- REQUIRED ACTION: Repeat the data exactly, please; no pictures belong in the copy.

BEGIN MATERIAL PROVIDED

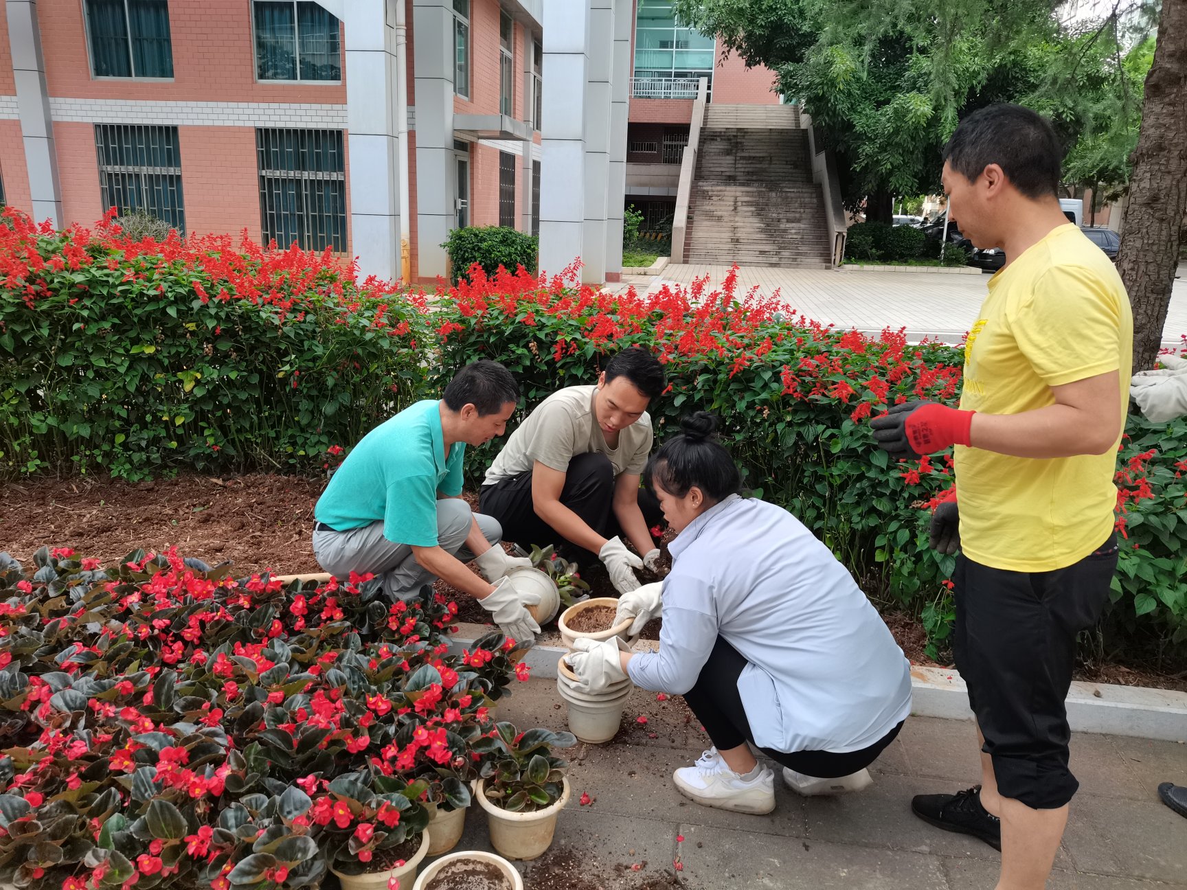 为深入学习贯彻习近平新时代中国特色社会主义思想主题教育,突出实践导向,践行为师生服务宗旨,7月7日上午,后勤产业集团党委第五党支部在体育馆西侧开展“学思想、破难题、办实事、促发展”之“我为校园添红妆”主题党日活动。
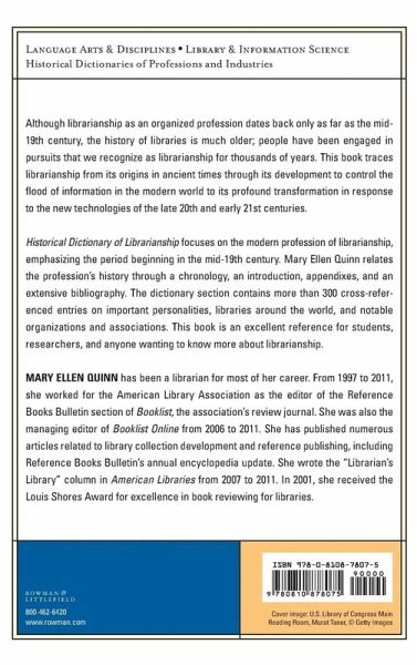 The Historical Dictionary of Librarianship focuses on librarianship as a modern, organized profession, emphasizing the period beginning in the mid-nineteenth century. Author Mary Ellen Quinn relates the history of this profession through a chronology, an introductory essay, appendixes, and an extensive bibliography.
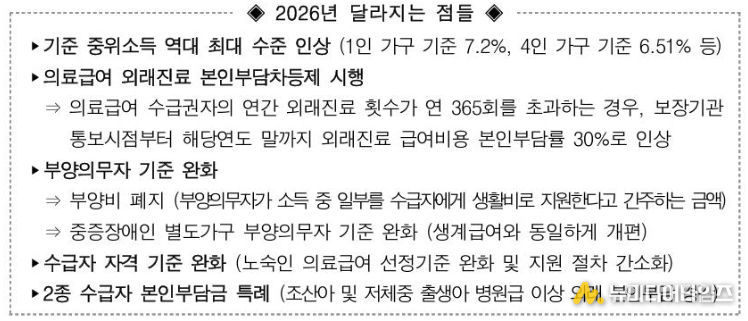특히 2026년에는 *기준 중위소득이 역대 최대 수준으로 인상됨에 따라 의료급여 수급 대상이 확대된다.
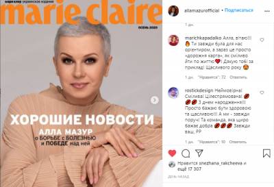 Також Алла Мазур отримала неймовірну кількість коментарів та лайків від глядачів: «Неймовірно стильний новий образ і такі глибокі сильні слова. Аллочко, Ви не припиняєте вражати новими гранями своєї особистості. Хай цей рік принесе суцільне щастя!», «Ви неймовірні!!!!!Новий образ дуже стильний!!!Вітаю!!!Здоров’я вам і рідним!», «Як круто! Ви дуже стильна, помолодшали на кілька років! Захват!», «Ви приклад сміливої, сильної та життєрадісної людини! Вітаю з Вашою перемогою – Ви найкраща!», «Яка ж Ви красунечка!!! Дуже Вам пасує такий образ! Здоров’я Вам на многая літа!», «З Днем народження, Аллочко! 1+1, вам неймовірно пощастило щоденно бачити і мати в штаті таку неймовірну людину! Я в захваті від Алли як і мільйони її прихильників! Головне, будьте здорові!», «Бомбезна, сексуальна, стильна! Дай Вам Бог здоров'я і сили!!! Рада за Вас! Дякуючи інтернету ми всі стаємо ближчі і маємо змогу висловити радість особисто!».
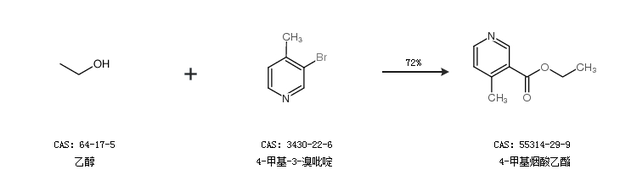 1.通过乙醇和4-甲基-3-溴吡啶合成4-甲基烟酸乙酯,收率约72%;
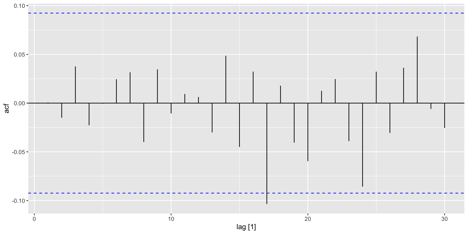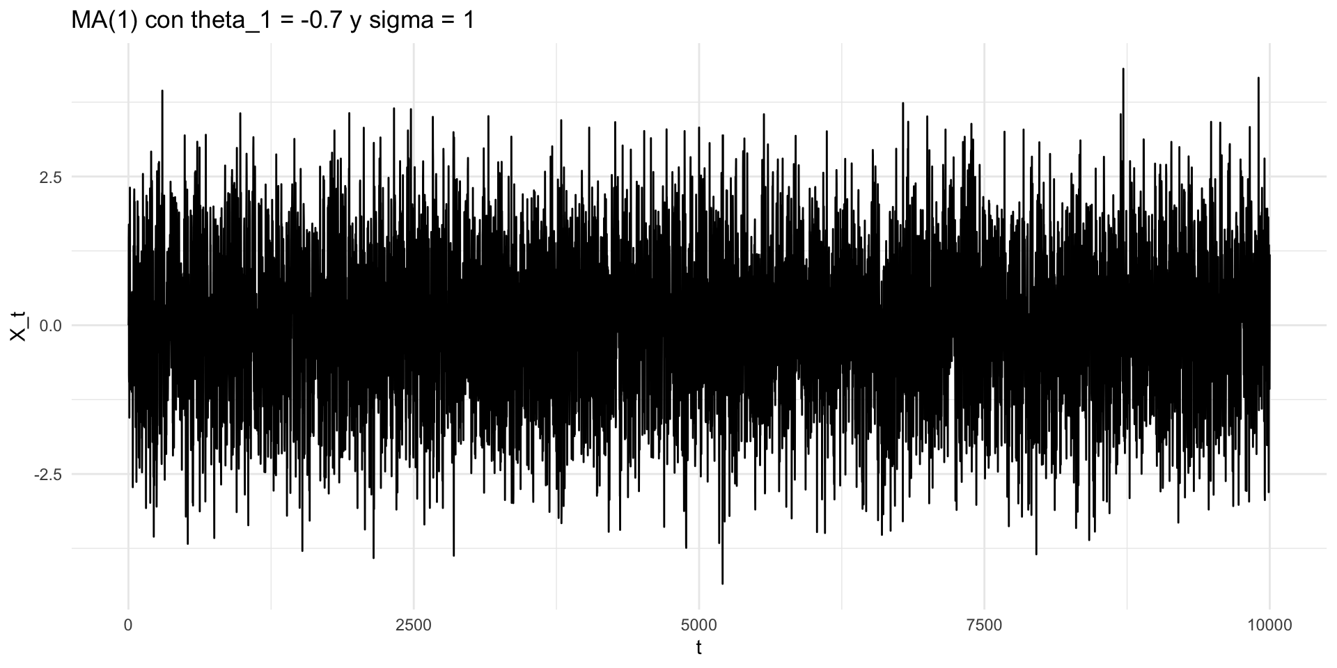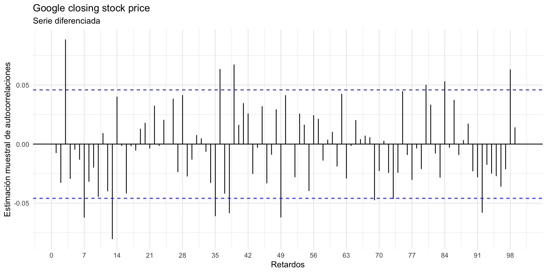 Si no fuese ruido blanco, ¿es estacionario? Un proceso estacionario tiene a) media constante; b) varianza constante; c) correlaciones solo dependientes del lag \(h\).
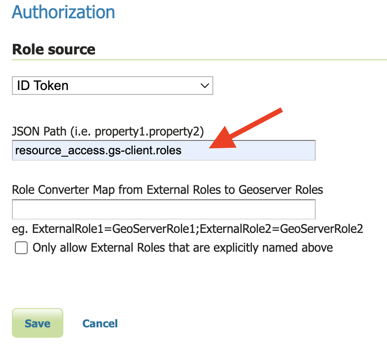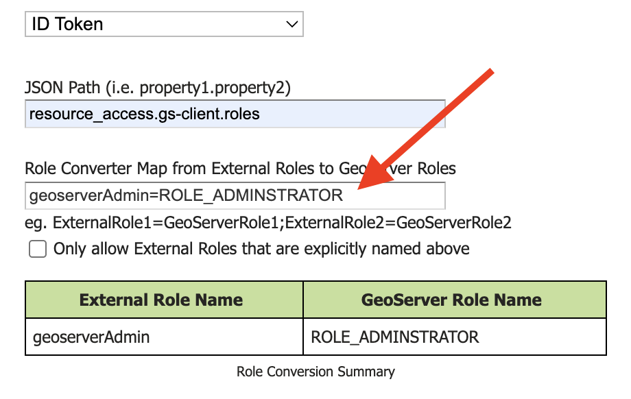 If you turn on the "Only allow External Roles that are explicitly named above", then roles that are not mentioned in the Role Converter Map will not be in the set of GeoServer roles. For example, in the example ID Token, the user has role "geoserverAdmin" and "geonetworkAdmin". If this is not turned on, then the user will have the GeoServer roles "ROLE_ADMINISTRATOR" (translated from "geoserverAdmin") as well as "geonetworkAdmin". If it is turned on, then they will only have the "ROLE_ADMINISTRATOR" (translated from "geoserverAdmin") role.
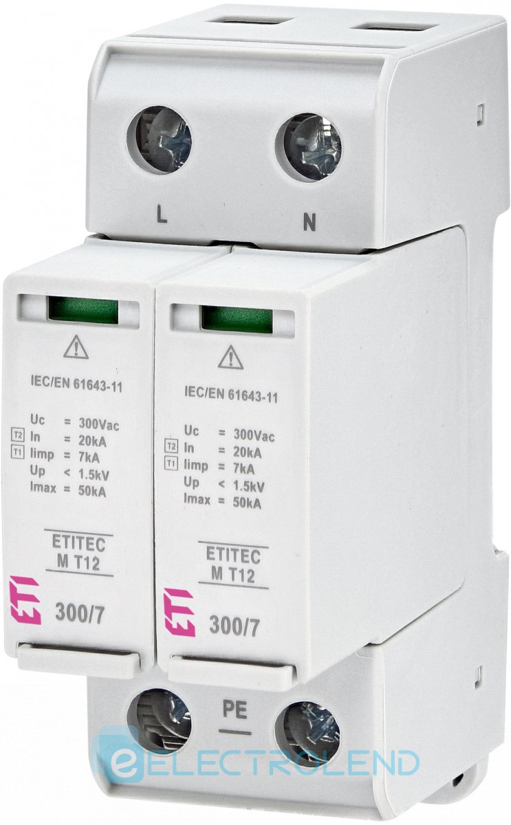 Обмежувач перенапруги ETITEC M T12 300/7 (2+0, 2p, TNC-S) ETI 2440502
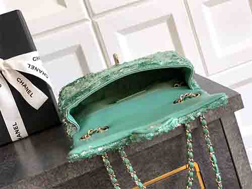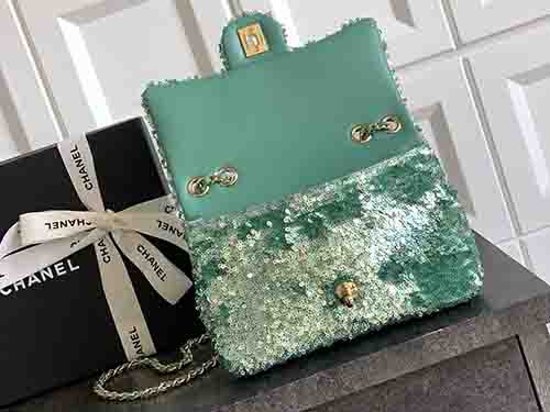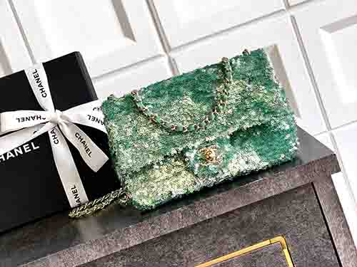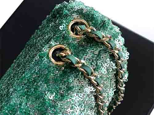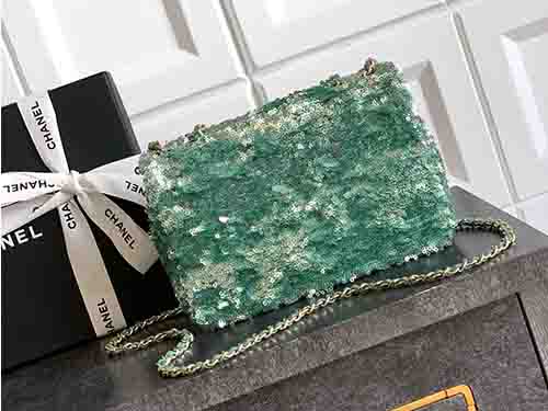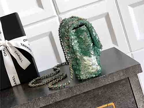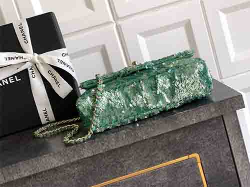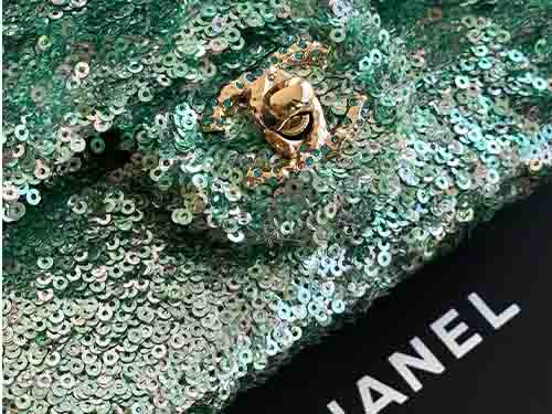 The Chanel 20cm Green Sequin CF Flap Bag is a radiant statement piece designed to captivate. Covered in dense shimmering sequins, this Chanel icon reflects light from every angle, blending elegance with bold modern glamour. The classic CF silhouette ensures timeless structure, while the vivid green tone adds seasonal freshness. Perfect as an evening bag or standout fashion accessory, this Chanel piece is designed to be treasured for years.
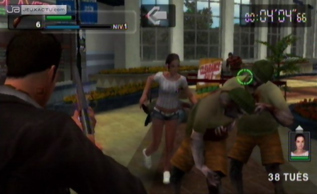 Si les développeurs ont dû faire quelques concessions en raison de faiblesses techniques inhérentes à la Wii, ils se sont aussi permis quelques coupes dans le scénario et dans le gameplay également. Envoyé à Willamette pour couvrir l’événement pour un quotidien, Franck West ne quitte jamais son réflex, l’arme ultime qui lui permettra de faire éclater l’affaire au grand jour. Dans la mouture Xbox 360 de Dead Rising, notre héros devait prendre des clichés pour faire évoluer l’histoire, mais aussi gagner des points d’expérience. Tout cet aspect narratif et essentiel au bon déroulement du jeu a été purement et simplement évincé de la version Wii. La première séquence par exemple, celle où Franck doit photographier des scènes atroces depuis l’hélicoptère a disparu. Deux cinématiques se succèdent alors sans trop de cohérence, laissant alors le joueur non averti dans un flou scénaristique de quelques minutes. Mais l’absence de photos n’est pas le seul élément qui a été supprimé du montage final puisque la notion de temps réel a été, elle aussi, mise de côté. Des zombies en sous-nombre, un chronomètre absent, il n’y a plus aucune raison pour que le joueur stresse face à l’invasion de ces êtres infectés.
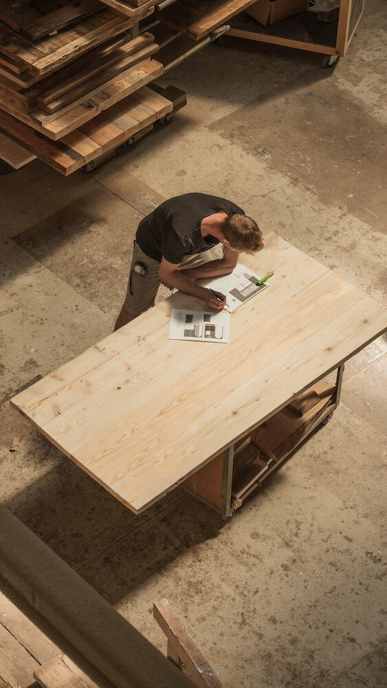 Mischa entdeckte früh seine Leidenschaft für die Natur und verbrachte seine Jugend in den Bergen und Wäldern. Während seiner Zeit an einer Waldorfschule erwarb er handwerkliches Geschick und begann, Projekte aus Massivholz umzusetzen. Später vertiefte er sein Interesse durch eine Ausbildung im Bereich Möbeldesign. Die Gründung von Woodboom ermöglichte es ihm, umfangreiche Erfahrungen in der Holzbearbeitung zu sammeln und seine Begeisterung für Nachhaltigkeit zu verfolgen. Dabei erkannte er, dass die Verwendung von Massivholz nicht automatisch nachhaltig ist, und setzte sich dafür ein, ein besseres Verständnis für die verschiedenen Verarbeitungsprozesse zu schaffen. Obwohl er als Möbelhersteller in unmittelbarer Nähe zur Quelle sitzt, baute Mischa sein ersten eigenen Woodboom-Tisch recht spät. Das lag vor allem daran, dass das Herstellen eines eigenen Tisches viel Zeit beansprucht. Umso mehr genießt er es, in einem Zuhause zu leben, das mit selbstgebauten Möbeln gefüllt ist. Diese Zeit für persönliche Projekte war während der Gründungsphase von Woodboom selten.
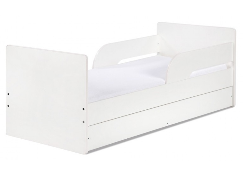 Acest pat pentru copii, este simplu, alb, confortabil, sigur si se potriveste cu orice decor.
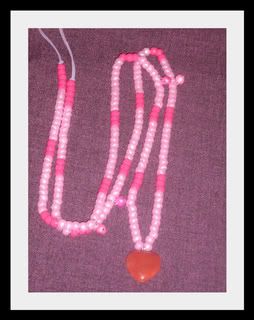 I have made the necklace with contrasting purple suede lacing , 2 different shades of pink plastic beads, 4 pink jingle bells and a large gorgeous pink/cherry quartz heart crystal.
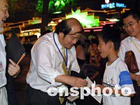 圖:貝聿愷為南京小市民簽名留念 2001年09月18日 14:10 ![]() 出席華商會的美國美中經貿促進會會長貝聿愷十七日晚在南京著名景區秦淮河畔游覽時,為熱情的南京小市民簽名。中新社記者 鄭萍萍 攝 |
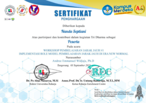 Workshop Pembelajaran Jarak Jauh (PJJ) Day 1 ini dengan tema “IMPLEMENTASI ROLE MODEL PEMBELAJARAN JARAK JAUH DI ERA NEW NORMAL”
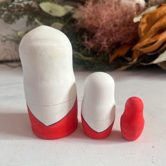 手作り 塗り絵感覚の3pマトリョーシカ 赤×白 トールペイント素材
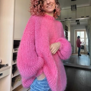 Airy Mohair Sweater, Hand Knit Pullover, Oversized Knit Sweater in Mohair, Loose Fit, Womens Knitted Blouse, Chunky sweater, Bridal sweater

END MATERIAL PROVIDED

- FINAL ANSWER:
 为深入学习贯彻习近平新时代中国特色社会主义思想主题教育,突出实践导向,践行为师生服务宗旨,7月7日上午,后勤产业集团党委第五党支部在体育馆西侧开展“学思想、破难题、办实事、促发展”之“我为校园添红妆”主题党日活动。
 The Historical Dictionary of Librarianship focuses on librarianship as a modern, organized profession, emphasizing the period beginning in the mid-nineteenth century. Author Mary Ellen Quinn relates the history of this profession through a chronology, an introductory essay, appendixes, and an extensive bibliography.
특히 2026년에는 *기준 중위소득이 역대 최대 수준으로 인상됨에 따라 의료급여 수급 대상이 확대된다.
 Також Алла Мазур отримала неймовірну кількість коментарів та лайків від глядачів: «Неймовірно стильний новий образ і такі глибокі сильні слова. Аллочко, Ви не припиняєте вражати новими гранями своєї особистості. Хай цей рік принесе суцільне щастя!», «Ви неймовірні!!!!!Новий образ дуже стильний!!!Вітаю!!!Здоров’я вам і рідним!», «Як круто! Ви дуже стильна, помолодшали на кілька років! Захват!», «Ви приклад сміливої, сильної та життєрадісної людини! Вітаю з Вашою перемогою – Ви найкраща!», «Яка ж Ви красунечка!!! Дуже Вам пасує такий образ! Здоров’я Вам на многая літа!», «З Днем народження, Аллочко! 1+1, вам неймовірно пощастило щоденно бачити і мати в штаті таку неймовірну людину! Я в захваті від Алли як і мільйони її прихильників! Головне, будьте здорові!», «Бомбезна, сексуальна, стильна! Дай Вам Бог здоров'я і сили!!! Рада за Вас! Дякуючи інтернету ми всі стаємо ближчі і маємо змогу висловити радість особисто!».
 1.通过乙醇和4-甲基-3-溴吡啶合成4-甲基烟酸乙酯,收率约72%;
 Si no fuese ruido blanco, ¿es estacionario? Un proceso estacionario tiene a) media constante; b) varianza constante; c) correlaciones solo dependientes del lag \(h\).
 If you turn on the "Only allow External Roles that are explicitly named above", then roles that are not mentioned in the Role Converter Map will not be in the set of GeoServer roles. For example, in the example ID Token, the user has role "geoserverAdmin" and "geonetworkAdmin". If this is not turned on, then the user will have the GeoServer roles "ROLE_ADMINISTRATOR" (translated from "geoserverAdmin") as well as "geonetworkAdmin". If it is turned on, then they will only have the "ROLE_ADMINISTRATOR" (translated from "geoserverAdmin") role.
 Обмежувач перенапруги ETITEC M T12 300/7 (2+0, 2p, TNC-S) ETI 2440502
 The Chanel 20cm Green Sequin CF Flap Bag is a radiant statement piece designed to captivate. Covered in dense shimmering sequins, this Chanel icon reflects light from every angle, blending elegance with bold modern glamour. The classic CF silhouette ensures timeless structure, while the vivid green tone adds seasonal freshness. Perfect as an evening bag or standout fashion accessory, this Chanel piece is designed to be treasured for years.
 Si les développeurs ont dû faire quelques concessions en raison de faiblesses techniques inhérentes à la Wii, ils se sont aussi permis quelques coupes dans le scénario et dans le gameplay également. Envoyé à Willamette pour couvrir l’événement pour un quotidien, Franck West ne quitte jamais son réflex, l’arme ultime qui lui permettra de faire éclater l’affaire au grand jour. Dans la mouture Xbox 360 de Dead Rising, notre héros devait prendre des clichés pour faire évoluer l’histoire, mais aussi gagner des points d’expérience. Tout cet aspect narratif et essentiel au bon déroulement du jeu a été purement et simplement évincé de la version Wii. La première séquence par exemple, celle où Franck doit photographier des scènes atroces depuis l’hélicoptère a disparu. Deux cinématiques se succèdent alors sans trop de cohérence, laissant alors le joueur non averti dans un flou scénaristique de quelques minutes. Mais l’absence de photos n’est pas le seul élément qui a été supprimé du montage final puisque la notion de temps réel a été, elle aussi, mise de côté. Des zombies en sous-nombre, un chronomètre absent, il n’y a plus aucune raison pour que le joueur stresse face à l’invasion de ces êtres infectés.
 Mischa entdeckte früh seine Leidenschaft für die Natur und verbrachte seine Jugend in den Bergen und Wäldern. Während seiner Zeit an einer Waldorfschule erwarb er handwerkliches Geschick und begann, Projekte aus Massivholz umzusetzen. Später vertiefte er sein Interesse durch eine Ausbildung im Bereich Möbeldesign. Die Gründung von Woodboom ermöglichte es ihm, umfangreiche Erfahrungen in der Holzbearbeitung zu sammeln und seine Begeisterung für Nachhaltigkeit zu verfolgen. Dabei erkannte er, dass die Verwendung von Massivholz nicht automatisch nachhaltig ist, und setzte sich dafür ein, ein besseres Verständnis für die verschiedenen Verarbeitungsprozesse zu schaffen. Obwohl er als Möbelhersteller in unmittelbarer Nähe zur Quelle sitzt, baute Mischa sein ersten eigenen Woodboom-Tisch recht spät. Das lag vor allem daran, dass das Herstellen eines eigenen Tisches viel Zeit beansprucht. Umso mehr genießt er es, in einem Zuhause zu leben, das mit selbstgebauten Möbeln gefüllt ist. Diese Zeit für persönliche Projekte war während der Gründungsphase von Woodboom selten.
 Acest pat pentru copii, este simplu, alb, confortabil, sigur si se potriveste cu orice decor.
 I have made the necklace with contrasting purple suede lacing , 2 different shades of pink plastic beads, 4 pink jingle bells and a large gorgeous pink/cherry quartz heart crystal.
 圖:貝聿愷為南京小市民簽名留念 2001年09月18日 14:10 ![]() 出席華商會的美國美中經貿促進會會長貝聿愷十七日晚在南京著名景區秦淮河畔游覽時,為熱情的南京小市民簽名。中新社記者 鄭萍萍 攝 |
 Workshop Pembelajaran Jarak Jauh (PJJ) Day 1 ini dengan tema “IMPLEMENTASI ROLE MODEL PEMBELAJARAN JARAK JAUH DI ERA NEW NORMAL”
 手作り 塗り絵感覚の3pマトリョーシカ 赤×白 トールペイント素材
 Airy Mohair Sweater, Hand Knit Pullover, Oversized Knit Sweater in Mohair, Loose Fit, Womens Knitted Blouse, Chunky sweater, Bridal sweater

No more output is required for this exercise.